### Records shown ###

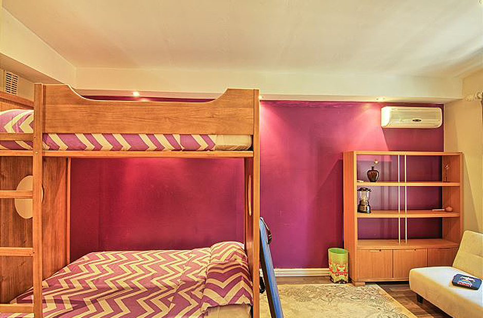 Just off the dining area is the superb master bedroom with king size bed, large flat-screen TV and lots of closet space, and master bath that includes an over-sized modern glass shower and jacuzzi tub. A second bedroom has a queen bed and large walk-in closet. This bedroom is connected to the next bedroom suite by another lovely bathroom with a modern glass shower. The bedroom suite (bedrooms 3 and 4 that are separated by a curtain) also has a queen size bed, a large flat-screen and an alcove step down to a sitting room that can also sleep 3 on the single/double bunk beds. There is also a fifth bedroom that sleeps one person next door to the guest bathroom.
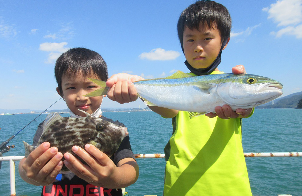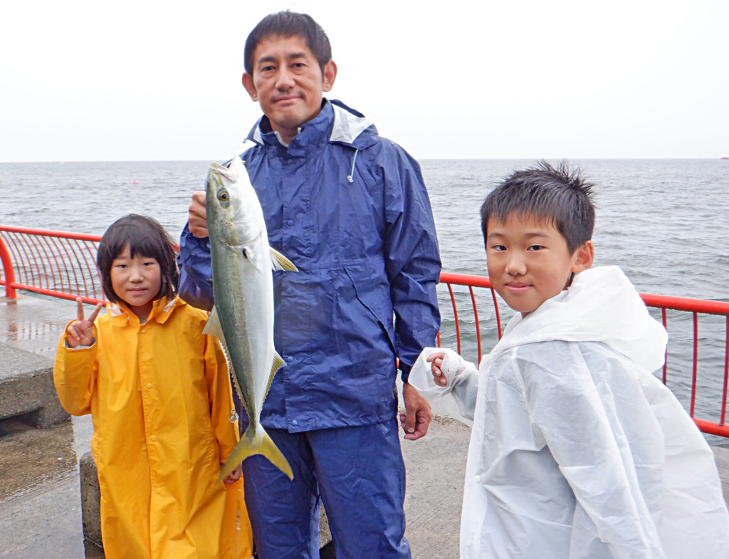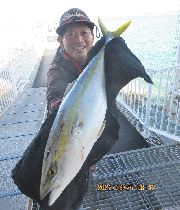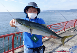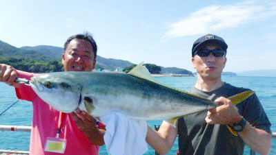 ブリ97cm、メジロ62cm、ハマチ47cm頭に多数、シオ48cm頭に多数、グレ25cm、マダイ30cm頭に2尾、カワハギ20cm頭に3尾、アオリイカ、タチウオ、アジをサビキ釣りやカゴ釣りで。
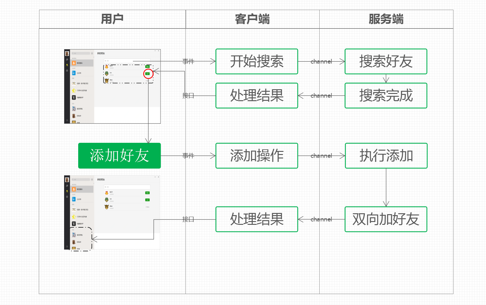 - 从上面的流程中可以看到,这里包含了两部分内容;(1) 搜索好友,(2) 添加好友。当天就完成好友后,好友会出现到我们的好友栏中。
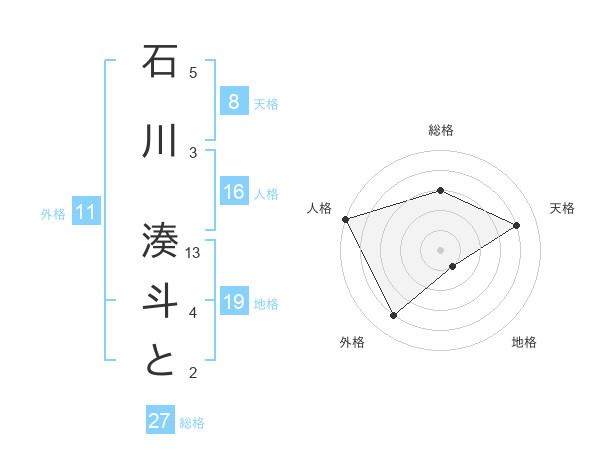 石川 湊斗とさんを姓名の画数から五運を鑑定
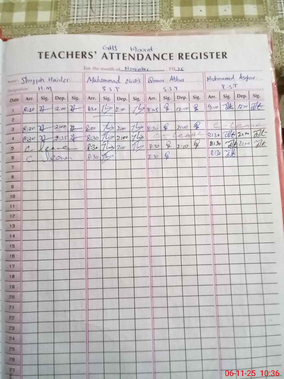 | Remarks (Use Separate Page if Required): Nsb cash book under locked so data was not entered Clerk attendance was on register but he was not in school He came after 15 mints passed my visit as per head teacher he was gone for school council meeting issuebut he did not signed movement register | |||||
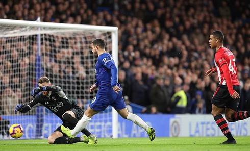 Bóng thường được đưa đến chân của tiền vệ Eden Hazard để mong có được sự đột phá, và ngôi sao người Bỉ suýt chút nữa đã có thể lập công trong tình huống đối mặt với thủ thành Angus Gun nhưng cú dứt điểm của Hazard khiến bóng đập trúng mặt Angus Gun, cứu thua cho Southampton.
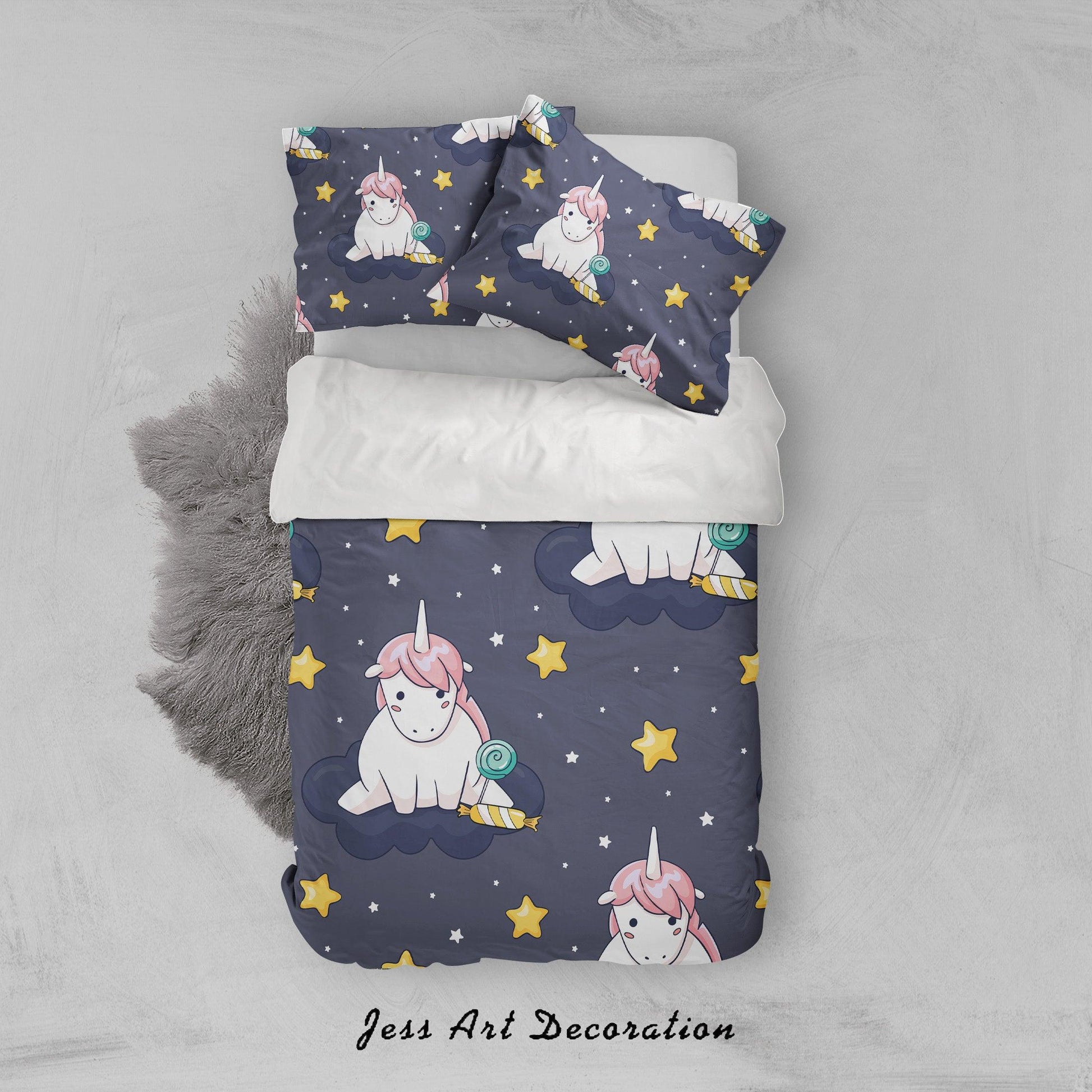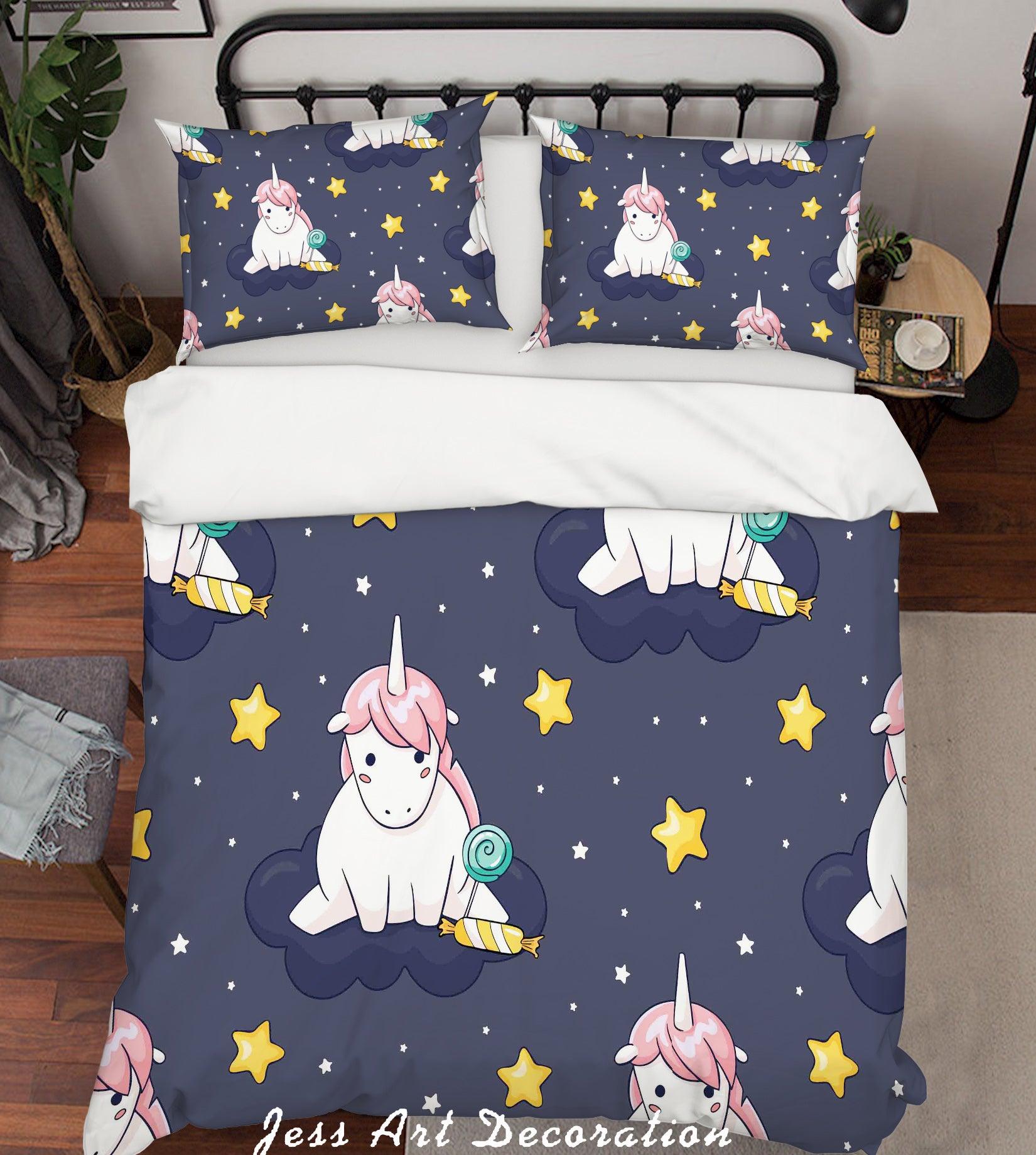 3D Black Unicorn Star Quilt Cover Set Bedding Set Pillowcases 32
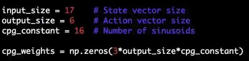 花一分钟来消化代码。本质上,这里所发生的是,对于output_size向量中的每个动作值,我们通过提取输入到正弦波中的振幅、频率和相位来产生正弦输出。我们对操作向量中的所有output_size项执行此操作,对于每个迭代,将所有cpg_constant迭代组合在一起(因此在我们的示例中,对每个操作项值将16个正弦输出相加)。最后,我们将输出向量与线性控制项相同地裁剪,然后根据SCN将这两项相加。
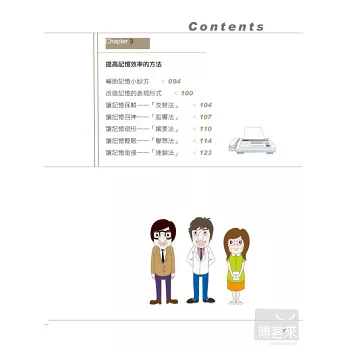 本書中包括了:對記憶的基礎認識、發掘自我記憶特質、調整改善記憶條件、各種增加腦部記憶效能的絕妙好招。
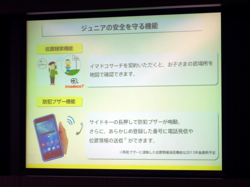 今までのキッズケータイ同様、イマドコサーチや防犯ブザーも装備されています。防犯ブザー鳴動と同時に指定した電話番号宛てに電話をかけることも可能です。ただし、発売当初は防犯ブザーと連動した位置情報送信機能には対応せず、後日対応となります。
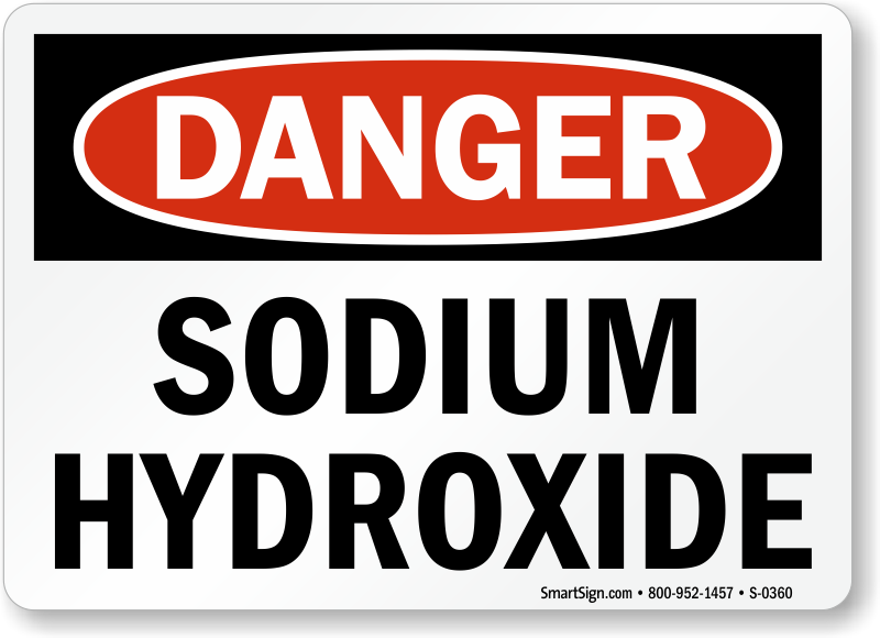 Chemicals are dangerous. Use a "sodium hydroxide" sign. A sign emphasizes your attention to safety.
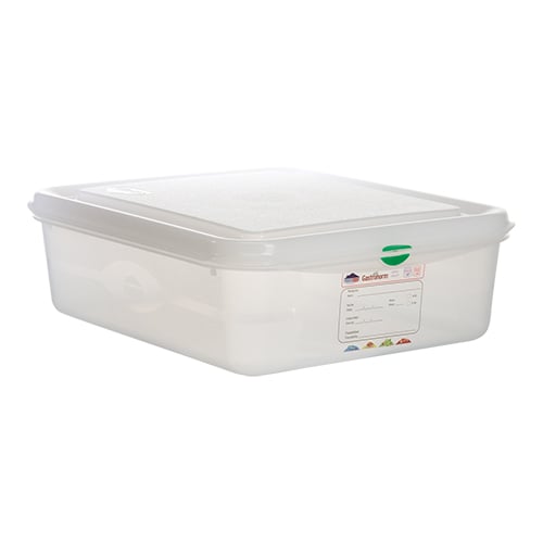 luchtdicht afsluitbaar door uniek dubbel afsluitsysteem en absoluut smaak- en reukvrij, geschikt voor vriezer -40°C en magnetron +100°C (zonder deksel), wordt compleet geleverd met product coderingsset volgens de HACCP normen,
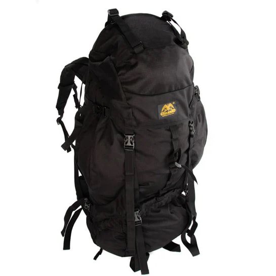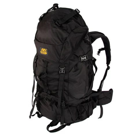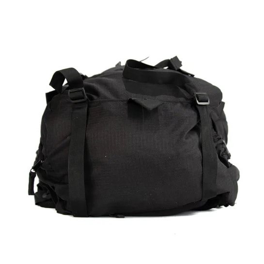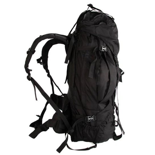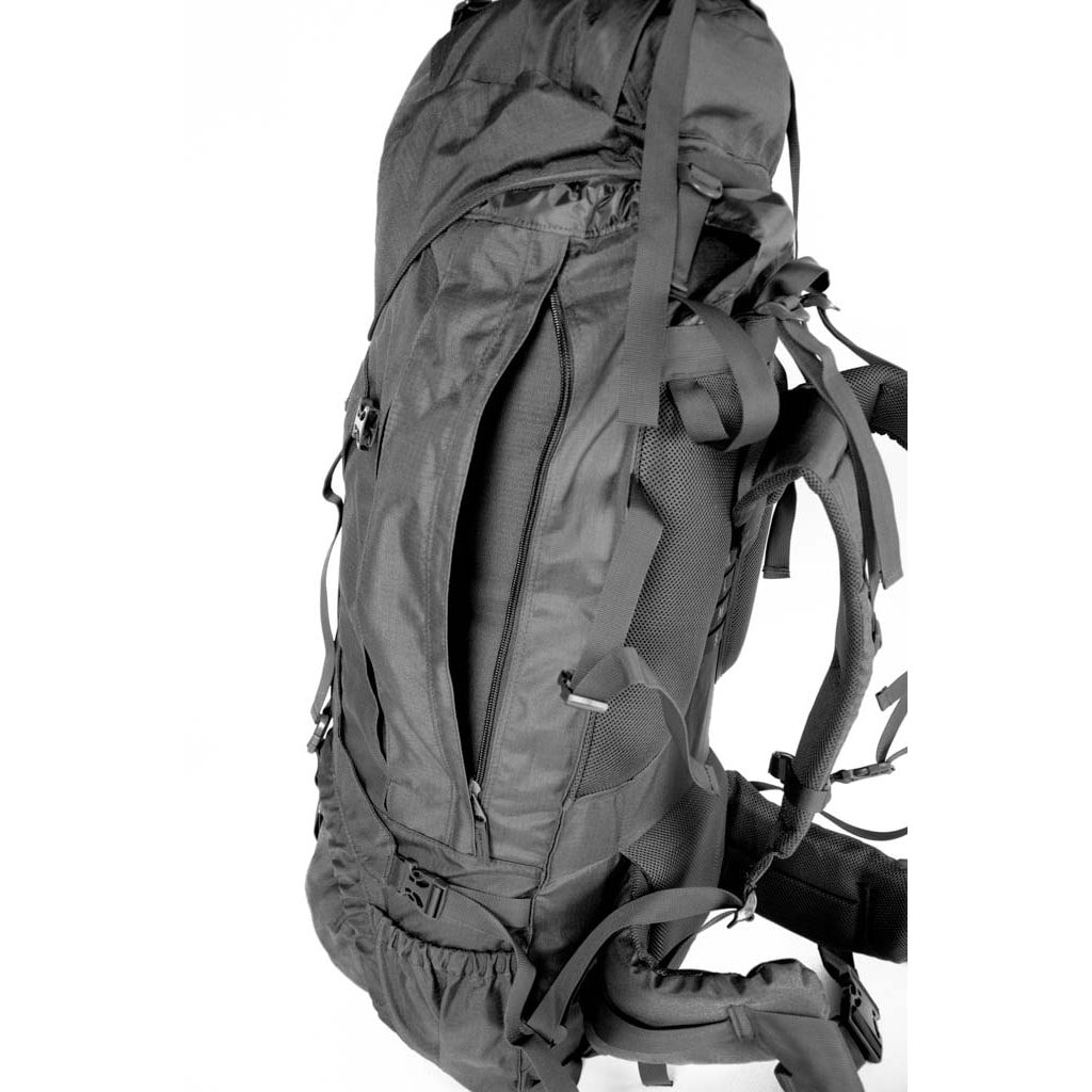 Zaino da spedizione a due scomparti con apertura superiore e inferiore. L'apertura superiore è dotata di un coperchio regolabile in altezza con una spaziosa tasca esterna e interna e cinghie per fissare l'attrezzatura. L'accesso inferiore è assicurato da una cerniera a doppio cursore coperta da una patta. Lo spazio interno dello zaino può essere diviso in uno scomparto superiore e uno inferiore tramite un collare di chiusura. Lo zaino dispone di quattro tasche laterali. Quelle più grandi sono chiuse da cerniere verticali, mentre quelle inferiori aperte sono adatte per bottiglie più piccole o per riporre bastoncini da trekking. Ai lati si trovano inoltre cinghie di compressione e sulla parte frontale una tradizionale asola per piccozza e una cinghia con occhielli, ad esempio per fissare moschettoni.
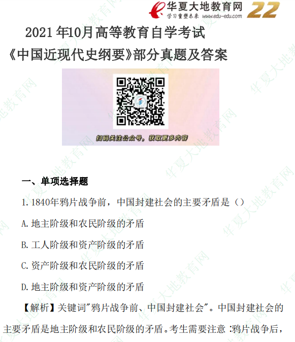 资料简介:2021年10月自考真题—《中国近现代史纲要》
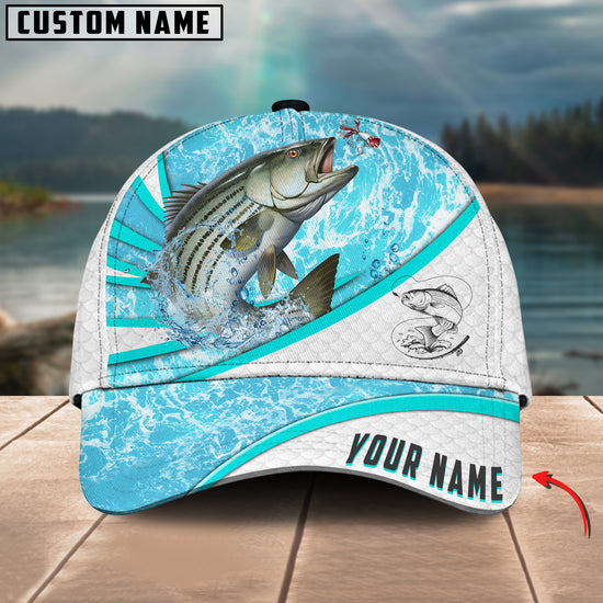 Joycornerss Custom Name Striped Fishing Water Tornado 3D Classic Cap
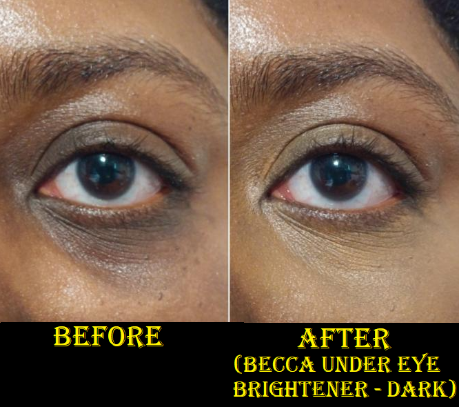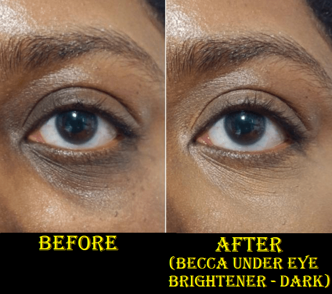 There were originally just two shades: light-medium (now called Fair/Light) and medium-deep. The Smashbox x Becca version has two more in the mix: Medium and Dark. It’s my understanding though, based on a YouTube video by All Beauty by Sarah, that the original medium-deep color is actually close in depth to the current Medium shade with the main difference being that the original had a stronger pink tone to it. The third darkest shade now is called Medium/Dark and is much darker than the original medium-deep. The final shade, and the one I picked up, is Dark. Based on the description and the shade in the pot, I expected Dark to be too dark for me. Technically, as this is supposed to brighten my under-eyes, I should have gotten Medium/Dark. However, I prefer for my under eyes to match the rest of my face rather than being brighter, so Dark works perfectly for that. It’s the best matching color-corrector type of product I have ever used because it has a slight orange tone to hide my dark circles, but there’s also enough brown to make it look natural. I try to avoid showing my skin discoloration as much as possible, but in this instance I felt it was necessary to show a demonstration photo below.

###

#### Aim of the exercise:
Transcribe the listing above verbatim. No picture belongs in the result.

#### Answer for the task:
 Just off the dining area is the superb master bedroom with king size bed, large flat-screen TV and lots of closet space, and master bath that includes an over-sized modern glass shower and jacuzzi tub. A second bedroom has a queen bed and large walk-in closet. This bedroom is connected to the next bedroom suite by another lovely bathroom with a modern glass shower. The bedroom suite (bedrooms 3 and 4 that are separated by a curtain) also has a queen size bed, a large flat-screen and an alcove step down to a sitting room that can also sleep 3 on the single/double bunk beds. There is also a fifth bedroom that sleeps one person next door to the guest bathroom.
 ブリ97cm、メジロ62cm、ハマチ47cm頭に多数、シオ48cm頭に多数、グレ25cm、マダイ30cm頭に2尾、カワハギ20cm頭に3尾、アオリイカ、タチウオ、アジをサビキ釣りやカゴ釣りで。
 - 从上面的流程中可以看到,这里包含了两部分内容;(1) 搜索好友,(2) 添加好友。当天就完成好友后,好友会出现到我们的好友栏中。
 石川 湊斗とさんを姓名の画数から五運を鑑定
 | Remarks (Use Separate Page if Required): Nsb cash book under locked so data was not entered Clerk attendance was on register but he was not in school He came after 15 mints passed my visit as per head teacher he was gone for school council meeting issuebut he did not signed movement register | |||||
 Bóng thường được đưa đến chân của tiền vệ Eden Hazard để mong có được sự đột phá, và ngôi sao người Bỉ suýt chút nữa đã có thể lập công trong tình huống đối mặt với thủ thành Angus Gun nhưng cú dứt điểm của Hazard khiến bóng đập trúng mặt Angus Gun, cứu thua cho Southampton.
 3D Black Unicorn Star Quilt Cover Set Bedding Set Pillowcases 32
 花一分钟来消化代码。本质上,这里所发生的是,对于output_size向量中的每个动作值,我们通过提取输入到正弦波中的振幅、频率和相位来产生正弦输出。我们对操作向量中的所有output_size项执行此操作,对于每个迭代,将所有cpg_constant迭代组合在一起(因此在我们的示例中,对每个操作项值将16个正弦输出相加)。最后,我们将输出向量与线性控制项相同地裁剪,然后根据SCN将这两项相加。
 本書中包括了:對記憶的基礎認識、發掘自我記憶特質、調整改善記憶條件、各種增加腦部記憶效能的絕妙好招。
 今までのキッズケータイ同様、イマドコサーチや防犯ブザーも装備されています。防犯ブザー鳴動と同時に指定した電話番号宛てに電話をかけることも可能です。ただし、発売当初は防犯ブザーと連動した位置情報送信機能には対応せず、後日対応となります。
 Chemicals are dangerous. Use a "sodium hydroxide" sign. A sign emphasizes your attention to safety.
 luchtdicht afsluitbaar door uniek dubbel afsluitsysteem en absoluut smaak- en reukvrij, geschikt voor vriezer -40°C en magnetron +100°C (zonder deksel), wordt compleet geleverd met product coderingsset volgens de HACCP normen,
 Zaino da spedizione a due scomparti con apertura superiore e inferiore. L'apertura superiore è dotata di un coperchio regolabile in altezza con una spaziosa tasca esterna e interna e cinghie per fissare l'attrezzatura. L'accesso inferiore è assicurato da una cerniera a doppio cursore coperta da una patta. Lo spazio interno dello zaino può essere diviso in uno scomparto superiore e uno inferiore tramite un collare di chiusura. Lo zaino dispone di quattro tasche laterali. Quelle più grandi sono chiuse da cerniere verticali, mentre quelle inferiori aperte sono adatte per bottiglie più piccole o per riporre bastoncini da trekking. Ai lati si trovano inoltre cinghie di compressione e sulla parte frontale una tradizionale asola per piccozza e una cinghia con occhielli, ad esempio per fissare moschettoni.
 资料简介:2021年10月自考真题—《中国近现代史纲要》
 Joycornerss Custom Name Striped Fishing Water Tornado 3D Classic Cap
 There were originally just two shades: light-medium (now called Fair/Light) and medium-deep. The Smashbox x Becca version has two more in the mix: Medium and Dark. It’s my understanding though, based on a YouTube video by All Beauty by Sarah, that the original medium-deep color is actually close in depth to the current Medium shade with the main difference being that the original had a stronger pink tone to it. The third darkest shade now is called Medium/Dark and is much darker than the original medium-deep. The final shade, and the one I picked up, is Dark. Based on the description and the shade in the pot, I expected Dark to be too dark for me. Technically, as this is supposed to brighten my under-eyes, I should have gotten Medium/Dark. However, I prefer for my under eyes to match the rest of my face rather than being brighter, so Dark works perfectly for that. It’s the best matching color-corrector type of product I have ever used because it has a slight orange tone to hide my dark circles, but there’s also enough brown to make it look natural. I try to avoid showing my skin discoloration as much as possible, but in this instance I felt it was necessary to show a demonstration photo below.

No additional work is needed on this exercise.